• _WHAT YOU WILL DO_: All pictures must be left out as you transcribe the lines from the first line of the data to the line containing "再來就是我喜歡的簫聲了,配合", both included.

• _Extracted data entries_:

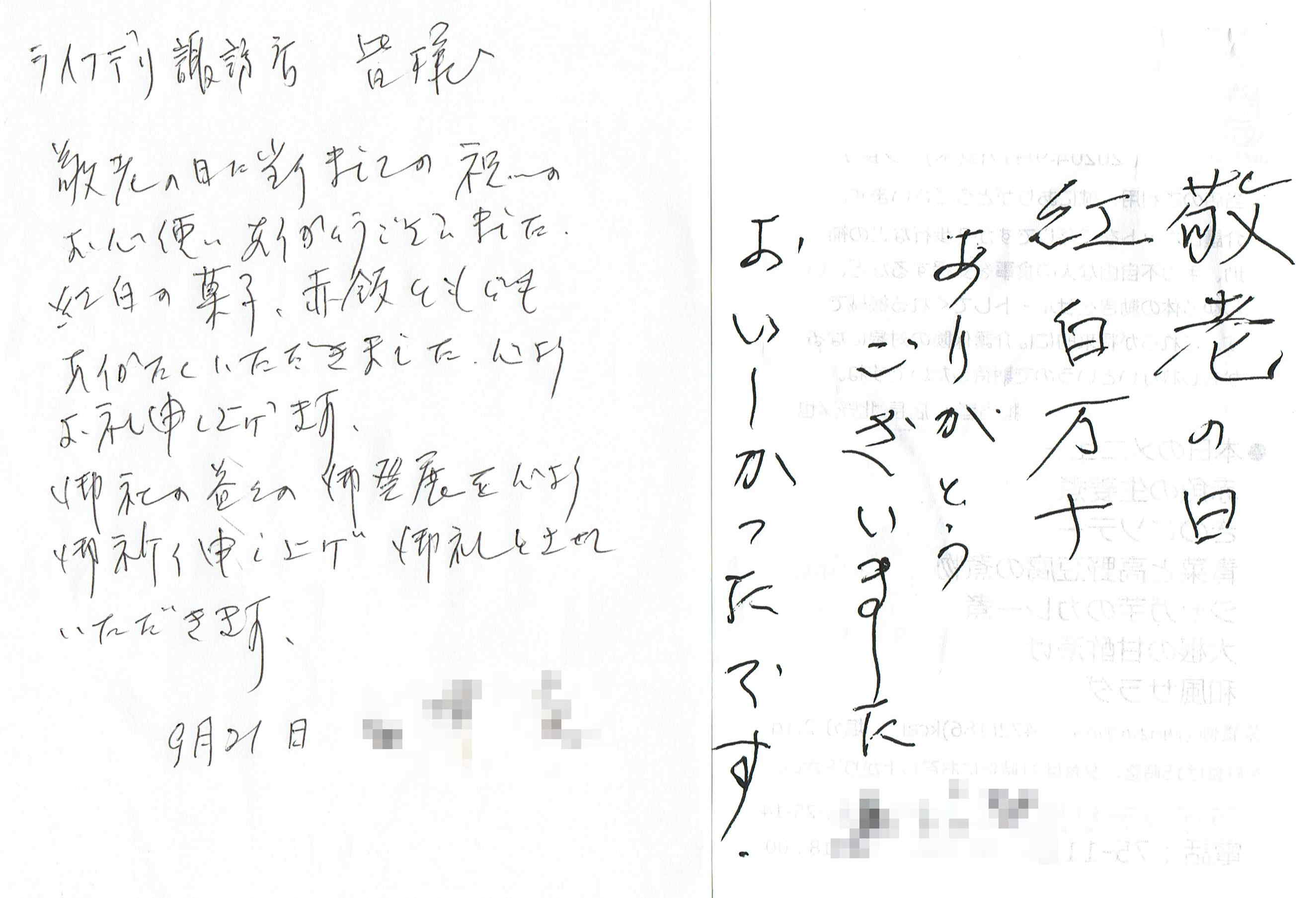 敬老の日にご利用者様にお祝いの紅白饅頭とお手紙を添えてお届けいたしました。そのお礼のお手紙を2通頂戴いたしました。ありがとうございました。
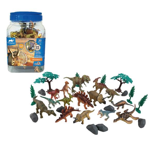 Bote con figuras de dinosaurios. Incluye 30 piezas. Edad recomendada +3 años.
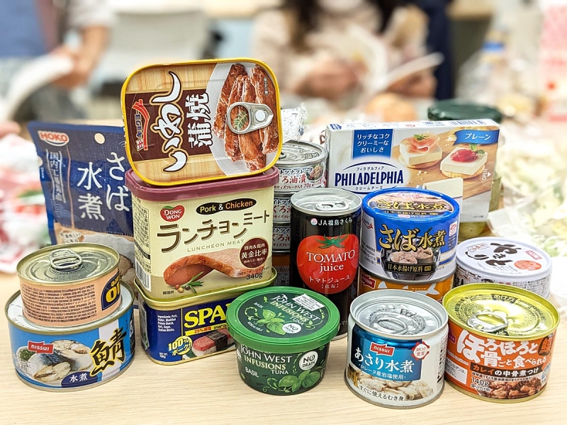 持ち込まれた缶詰は「サバの水煮、アサリの水煮、バジルの味付けツナ、レモン漬ツナ、イワシの蒲焼、焼き鳥、スパム、カレイの中骨煮付け、ポーク&チキン」など。
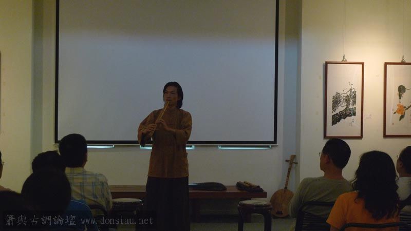 再來就是我喜歡的簫聲了,配合了寧靜的環境,文松老師吹奏平沙落雁時,除了周圍的鳥叫聲,彷彿還聽老師的簫聲中,有雁落拍打翅膀的聲音,在最後靜心即興曲時,閉目聆聽,會跟著進入寧靜祥和的境界,原來唐口簫可以吹的那麼細緻,吹弱音可以小到跟環境的聲音結合,而音準不變,老師真的很厲害!
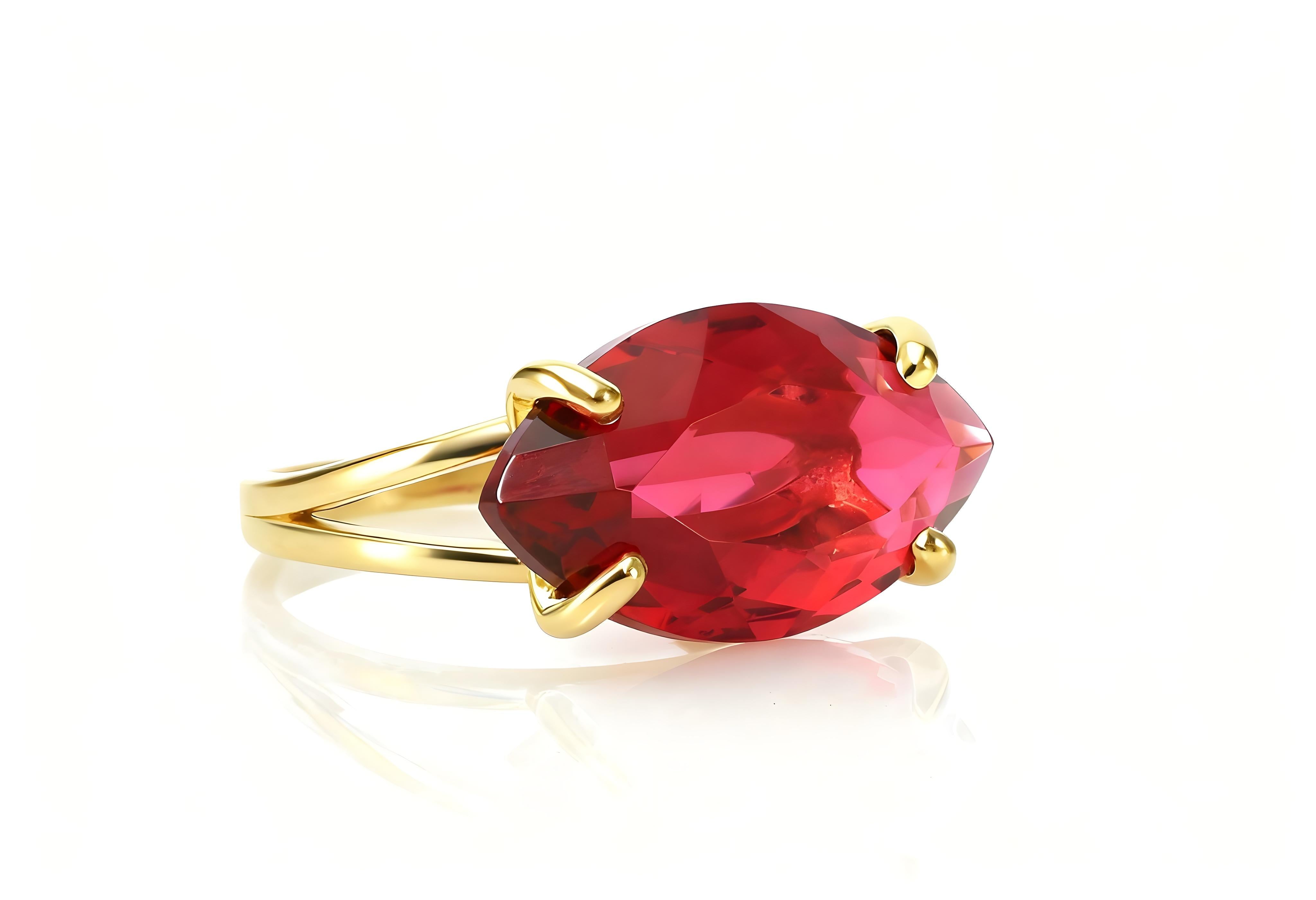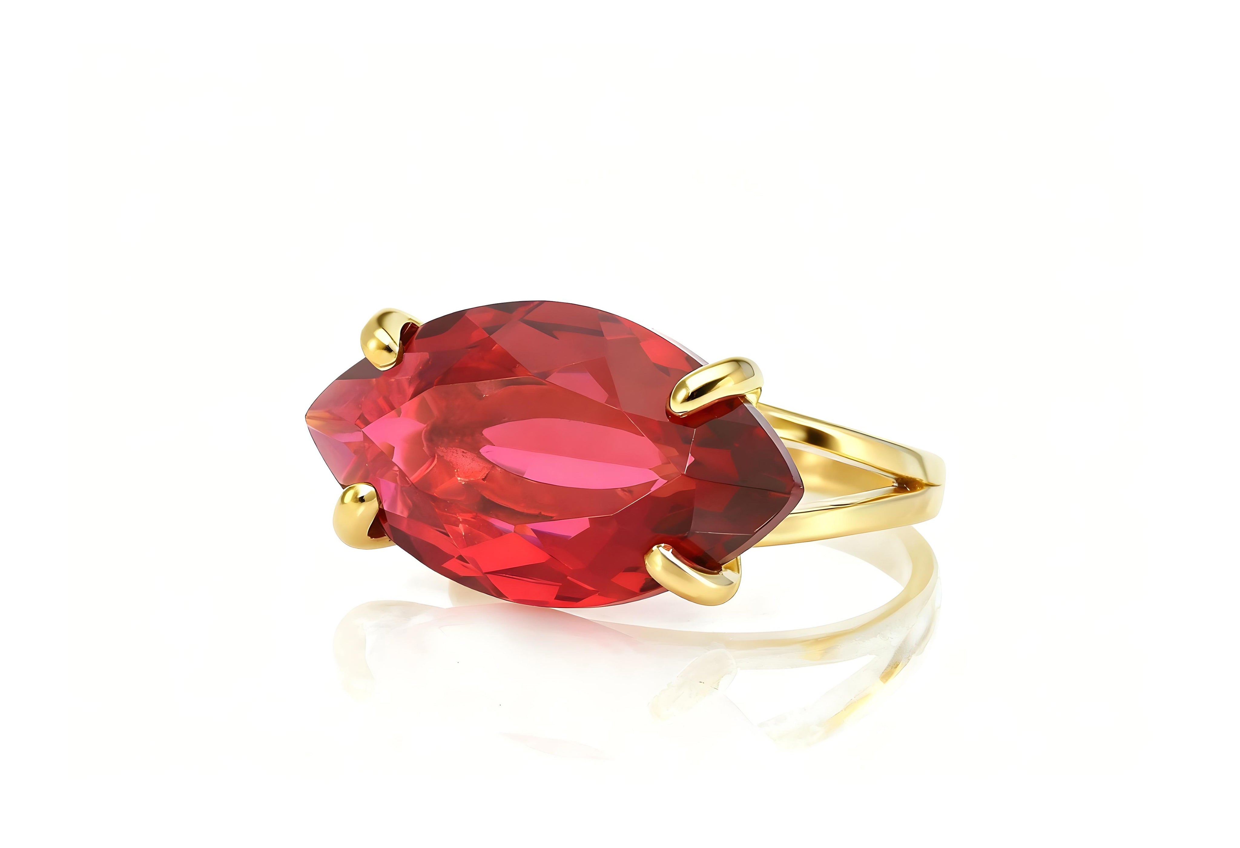 This horizontal marquise-cut pink tourmaline ring radiates bold color and modern allure. Handcrafted in 18k gold vermeil, it features a wide gemstone that shimmers with every movement. The rich pink tone of the faceted stone is perfectly framed by a mirror-shine gold finish, creating a striking contrast. Ideal for October birthdays or anyone drawn to vibrant, eye-catching jewelry, this ring makes a stunning cocktail piece or gift. Its elegant silhouette and double band structure balance sophistication with everyday versatility.

• _REPLY_:
 敬老の日にご利用者様にお祝いの紅白饅頭とお手紙を添えてお届けいたしました。そのお礼のお手紙を2通頂戴いたしました。ありがとうございました。
 Bote con figuras de dinosaurios. Incluye 30 piezas. Edad recomendada +3 años.
 持ち込まれた缶詰は「サバの水煮、アサリの水煮、バジルの味付けツナ、レモン漬ツナ、イワシの蒲焼、焼き鳥、スパム、カレイの中骨煮付け、ポーク&チキン」など。
 再來就是我喜歡的簫聲了,配合了寧靜的環境,文松老師吹奏平沙落雁時,除了周圍的鳥叫聲,彷彿還聽老師的簫聲中,有雁落拍打翅膀的聲音,在最後靜心即興曲時,閉目聆聽,會跟著進入寧靜祥和的境界,原來唐口簫可以吹的那麼細緻,吹弱音可以小到跟環境的聲音結合,而音準不變,老師真的很厲害!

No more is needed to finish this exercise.